Please give again every entry exactly as it appears, setting aside the pictures.

--- START ---

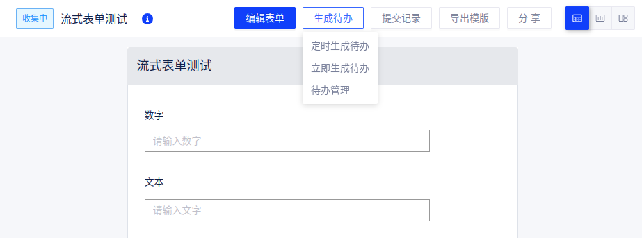 表单发布后,通过该功能可以通知填写人,但填写人必须是项目内的用户。待办生成方式分为定时待办和立即待办两种。
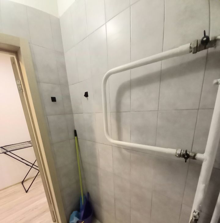 Обои, линолеум, кафель, натяжной потолок, лоджия не застекленная.
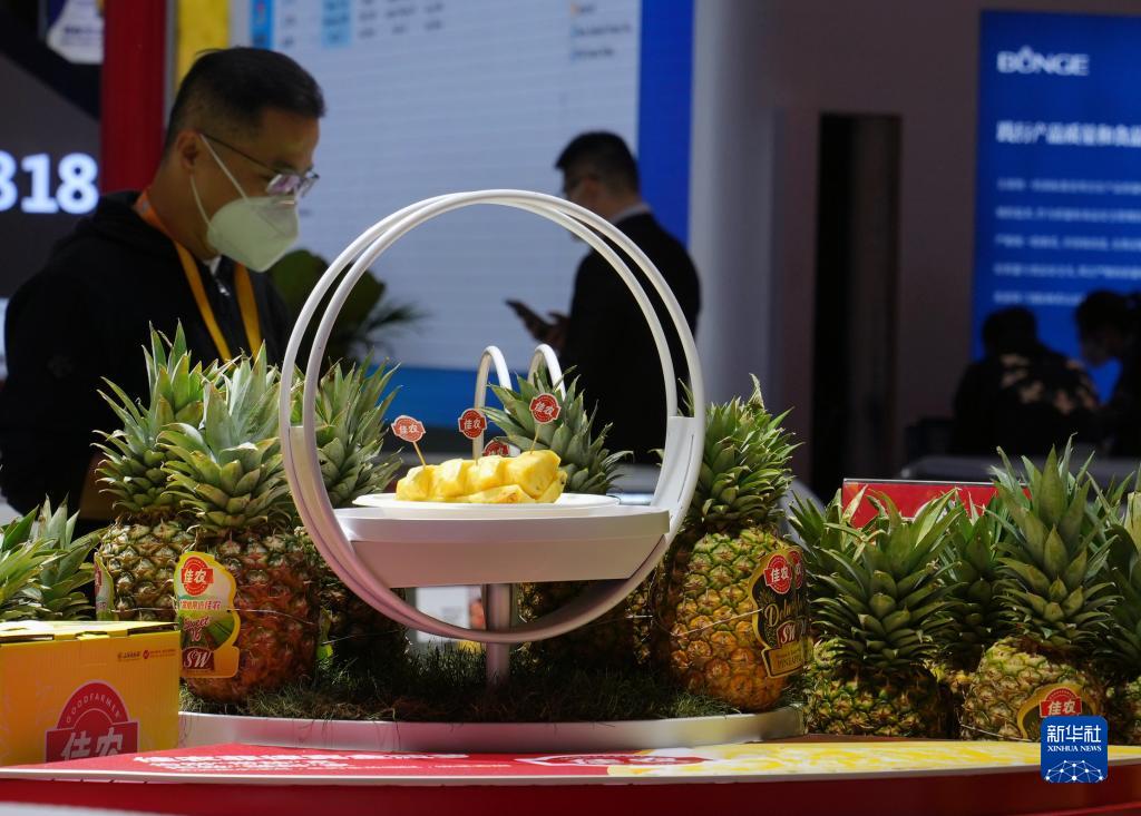 11月5日在第五屆進博會食品及農產品展區拍攝的菲律賓黑鉆鳳梨。
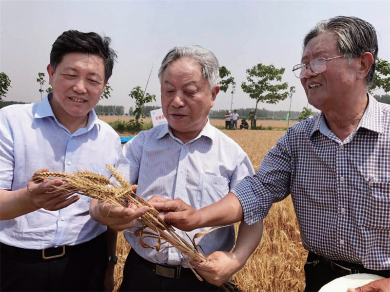 這個(gè)階段,鄭天存改變以往以“高產(chǎn)、穩(wěn)產(chǎn)”為主要目標(biāo)的育種理念,把培育高產(chǎn)與優(yōu)質(zhì)相結(jié)合的小麥新品種作為新征程的“制高點(diǎn)”,打破了長(zhǎng)期困擾小麥育種“高產(chǎn)不優(yōu)質(zhì),優(yōu)質(zhì)不高產(chǎn)”的魔咒,育成了“豐德存麥1號(hào)”“豐德存麥5號(hào)”“存麥8號(hào)”“豐德存麥11號(hào)”“豐德存麥12號(hào)”“豐德存麥20號(hào)”“豐德存麥22號(hào)”“豐德存麥23號(hào)”“存麥608”“存麥633”“艾麥24”“艾麥180”等“豐德存麥”系列共17個(gè)強(qiáng)、中筋優(yōu)質(zhì)高產(chǎn)小麥新品種。
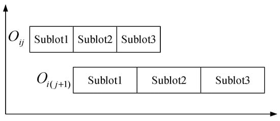 Following the above scheduling scheme, the start times and completion times of all sublots in each operation can be determined in the decoding process. For each sublot , it cannot be processed until some necessary conditions must be satisfied: (1) The assigned machine of must be available, and the available time is represented by ; (2) If , can be immediately started once the assigned machine is available, i.e., ; (3) If , must be started after is finished and then transported from machine to , i.e., . The completion time of can be measured by .

--- END ---

- _Final answer_
 表单发布后,通过该功能可以通知填写人,但填写人必须是项目内的用户。待办生成方式分为定时待办和立即待办两种。
 Обои, линолеум, кафель, натяжной потолок, лоджия не застекленная.
 11月5日在第五屆進博會食品及農產品展區拍攝的菲律賓黑鉆鳳梨。
 這個(gè)階段,鄭天存改變以往以“高產(chǎn)、穩(wěn)產(chǎn)”為主要目標(biāo)的育種理念,把培育高產(chǎn)與優(yōu)質(zhì)相結(jié)合的小麥新品種作為新征程的“制高點(diǎn)”,打破了長(zhǎng)期困擾小麥育種“高產(chǎn)不優(yōu)質(zhì),優(yōu)質(zhì)不高產(chǎn)”的魔咒,育成了“豐德存麥1號(hào)”“豐德存麥5號(hào)”“存麥8號(hào)”“豐德存麥11號(hào)”“豐德存麥12號(hào)”“豐德存麥20號(hào)”“豐德存麥22號(hào)”“豐德存麥23號(hào)”“存麥608”“存麥633”“艾麥24”“艾麥180”等“豐德存麥”系列共17個(gè)強(qiáng)、中筋優(yōu)質(zhì)高產(chǎn)小麥新品種。
 Following the above scheduling scheme, the start times and completion times of all sublots in each operation can be determined in the decoding process. For each sublot , it cannot be processed until some necessary conditions must be satisfied: (1) The assigned machine of must be available, and the available time is represented by ; (2) If , can be immediately started once the assigned machine is available, i.e., ; (3) If , must be started after is finished and then transported from machine to , i.e., . The completion time of can be measured by .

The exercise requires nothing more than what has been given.